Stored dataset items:
↓

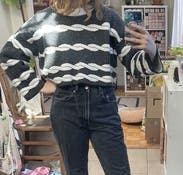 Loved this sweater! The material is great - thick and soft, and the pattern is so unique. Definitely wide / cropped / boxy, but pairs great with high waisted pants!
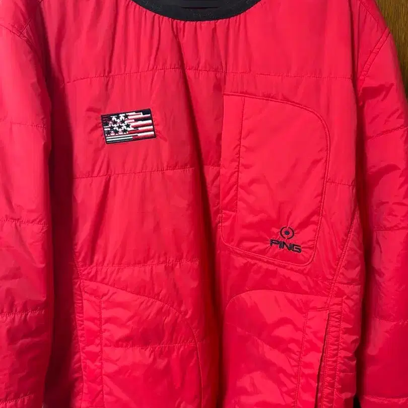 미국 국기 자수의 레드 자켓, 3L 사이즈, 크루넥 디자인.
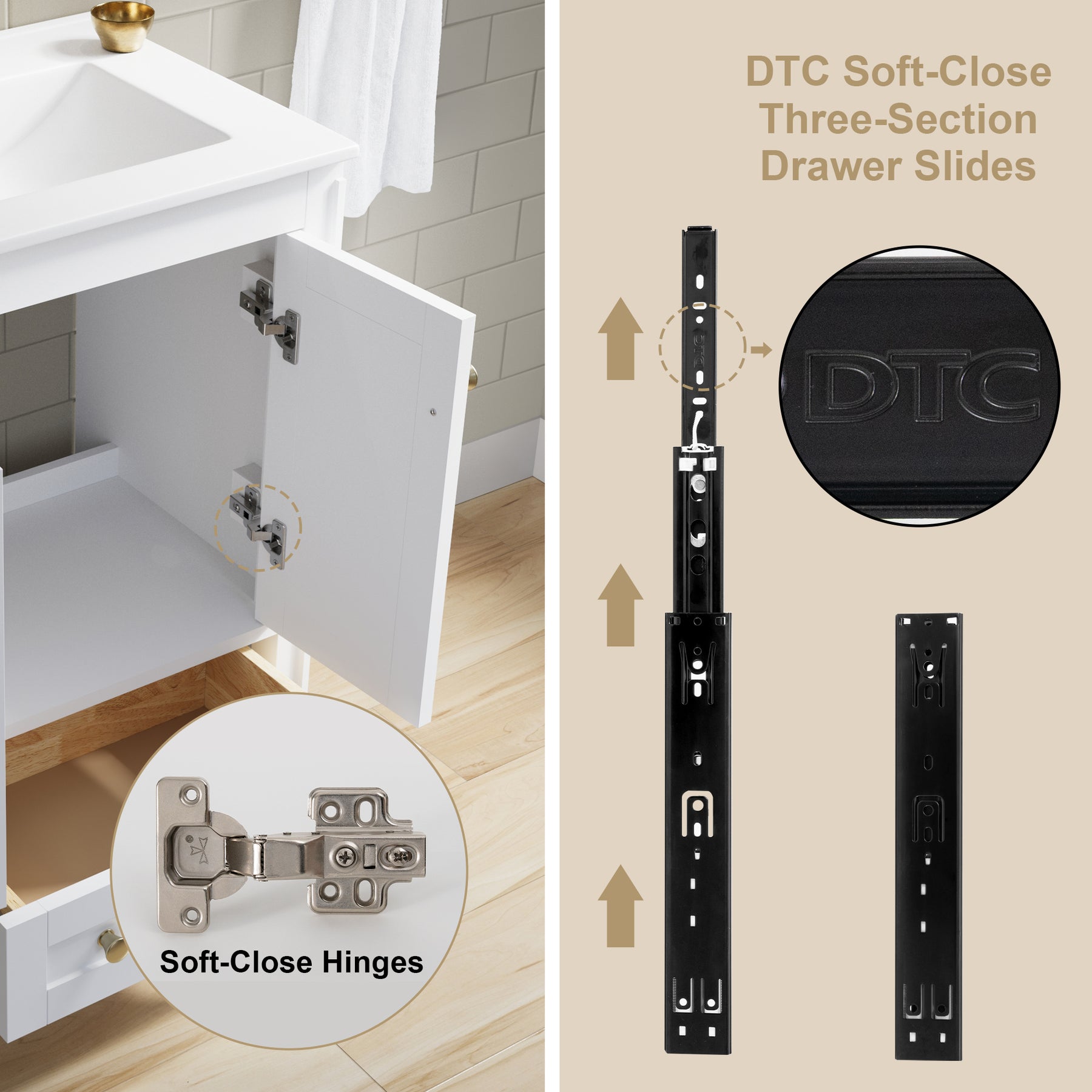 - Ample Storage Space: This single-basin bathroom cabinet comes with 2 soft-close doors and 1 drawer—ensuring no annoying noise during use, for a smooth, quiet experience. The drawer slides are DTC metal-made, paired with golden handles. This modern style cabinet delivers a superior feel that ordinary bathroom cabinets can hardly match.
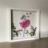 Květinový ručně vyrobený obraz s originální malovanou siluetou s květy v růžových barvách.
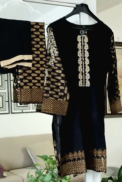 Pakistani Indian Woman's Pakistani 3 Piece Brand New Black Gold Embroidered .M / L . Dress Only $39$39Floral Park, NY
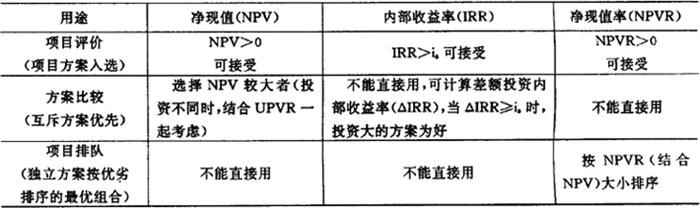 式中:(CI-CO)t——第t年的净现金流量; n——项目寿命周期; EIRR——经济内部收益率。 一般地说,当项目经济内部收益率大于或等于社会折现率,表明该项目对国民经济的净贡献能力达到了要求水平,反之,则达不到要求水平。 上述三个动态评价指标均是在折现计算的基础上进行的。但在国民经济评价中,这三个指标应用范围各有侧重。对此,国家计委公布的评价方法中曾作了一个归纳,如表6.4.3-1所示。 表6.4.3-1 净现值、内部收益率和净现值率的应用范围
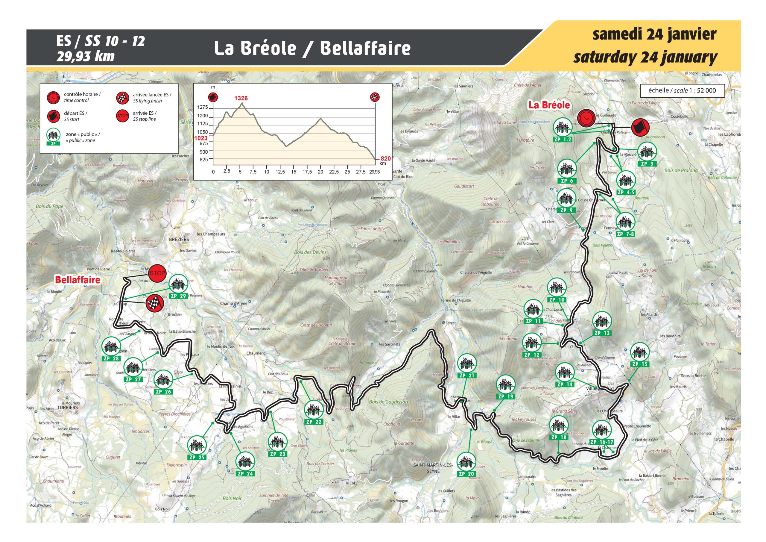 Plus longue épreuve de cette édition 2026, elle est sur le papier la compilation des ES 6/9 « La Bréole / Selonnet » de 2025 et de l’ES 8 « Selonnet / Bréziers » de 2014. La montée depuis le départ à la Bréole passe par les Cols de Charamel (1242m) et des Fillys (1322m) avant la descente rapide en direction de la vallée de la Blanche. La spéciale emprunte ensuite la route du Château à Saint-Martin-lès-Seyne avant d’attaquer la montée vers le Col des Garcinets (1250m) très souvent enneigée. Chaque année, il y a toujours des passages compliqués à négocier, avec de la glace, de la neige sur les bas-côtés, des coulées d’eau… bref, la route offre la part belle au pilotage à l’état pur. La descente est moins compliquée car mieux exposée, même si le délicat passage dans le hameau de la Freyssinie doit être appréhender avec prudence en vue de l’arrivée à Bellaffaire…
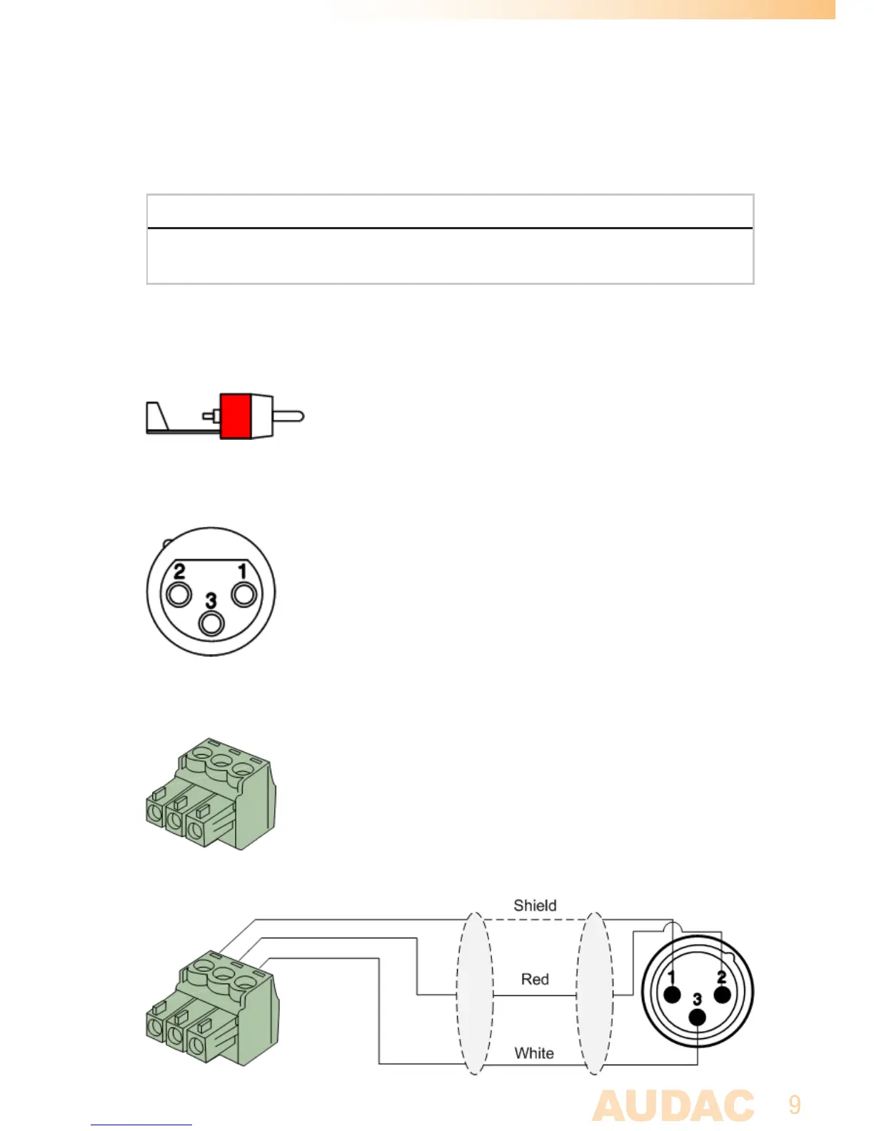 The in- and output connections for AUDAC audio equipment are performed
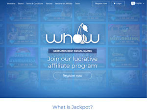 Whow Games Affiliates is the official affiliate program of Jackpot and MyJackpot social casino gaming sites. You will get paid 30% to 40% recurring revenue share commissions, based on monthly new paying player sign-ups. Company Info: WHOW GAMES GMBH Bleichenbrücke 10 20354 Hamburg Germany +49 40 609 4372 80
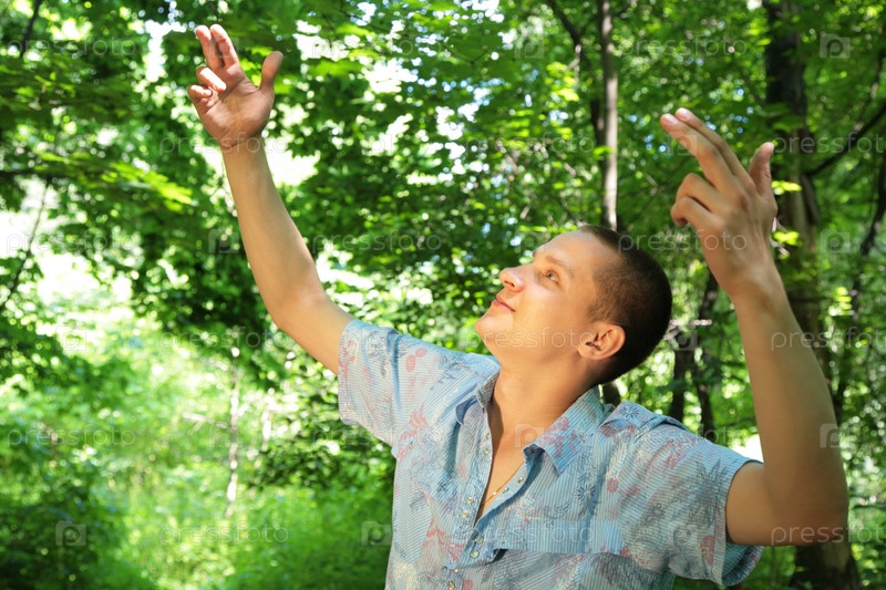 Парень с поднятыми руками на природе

↑

**INSTRUCTIONS FOR THE TASK**
Leaving pictures aside, write out each record above exactly as given.

**RESULT FOR THIS EXERCISE**
 Loved this sweater! The material is great - thick and soft, and the pattern is so unique. Definitely wide / cropped / boxy, but pairs great with high waisted pants!
 미국 국기 자수의 레드 자켓, 3L 사이즈, 크루넥 디자인.
 - Ample Storage Space: This single-basin bathroom cabinet comes with 2 soft-close doors and 1 drawer—ensuring no annoying noise during use, for a smooth, quiet experience. The drawer slides are DTC metal-made, paired with golden handles. This modern style cabinet delivers a superior feel that ordinary bathroom cabinets can hardly match.
 Květinový ručně vyrobený obraz s originální malovanou siluetou s květy v růžových barvách.
 Pakistani Indian Woman's Pakistani 3 Piece Brand New Black Gold Embroidered .M / L . Dress Only $39$39Floral Park, NY
 式中:(CI-CO)t——第t年的净现金流量; n——项目寿命周期; EIRR——经济内部收益率。 一般地说,当项目经济内部收益率大于或等于社会折现率,表明该项目对国民经济的净贡献能力达到了要求水平,反之,则达不到要求水平。 上述三个动态评价指标均是在折现计算的基础上进行的。但在国民经济评价中,这三个指标应用范围各有侧重。对此,国家计委公布的评价方法中曾作了一个归纳,如表6.4.3-1所示。 表6.4.3-1 净现值、内部收益率和净现值率的应用范围
 Plus longue épreuve de cette édition 2026, elle est sur le papier la compilation des ES 6/9 « La Bréole / Selonnet » de 2025 et de l’ES 8 « Selonnet / Bréziers » de 2014. La montée depuis le départ à la Bréole passe par les Cols de Charamel (1242m) et des Fillys (1322m) avant la descente rapide en direction de la vallée de la Blanche. La spéciale emprunte ensuite la route du Château à Saint-Martin-lès-Seyne avant d’attaquer la montée vers le Col des Garcinets (1250m) très souvent enneigée. Chaque année, il y a toujours des passages compliqués à négocier, avec de la glace, de la neige sur les bas-côtés, des coulées d’eau… bref, la route offre la part belle au pilotage à l’état pur. La descente est moins compliquée car mieux exposée, même si le délicat passage dans le hameau de la Freyssinie doit être appréhender avec prudence en vue de l’arrivée à Bellaffaire…
 The in- and output connections for AUDAC audio equipment are performed
 Whow Games Affiliates is the official affiliate program of Jackpot and MyJackpot social casino gaming sites. You will get paid 30% to 40% recurring revenue share commissions, based on monthly new paying player sign-ups. Company Info: WHOW GAMES GMBH Bleichenbrücke 10 20354 Hamburg Germany +49 40 609 4372 80
 Парень с поднятыми руками на природе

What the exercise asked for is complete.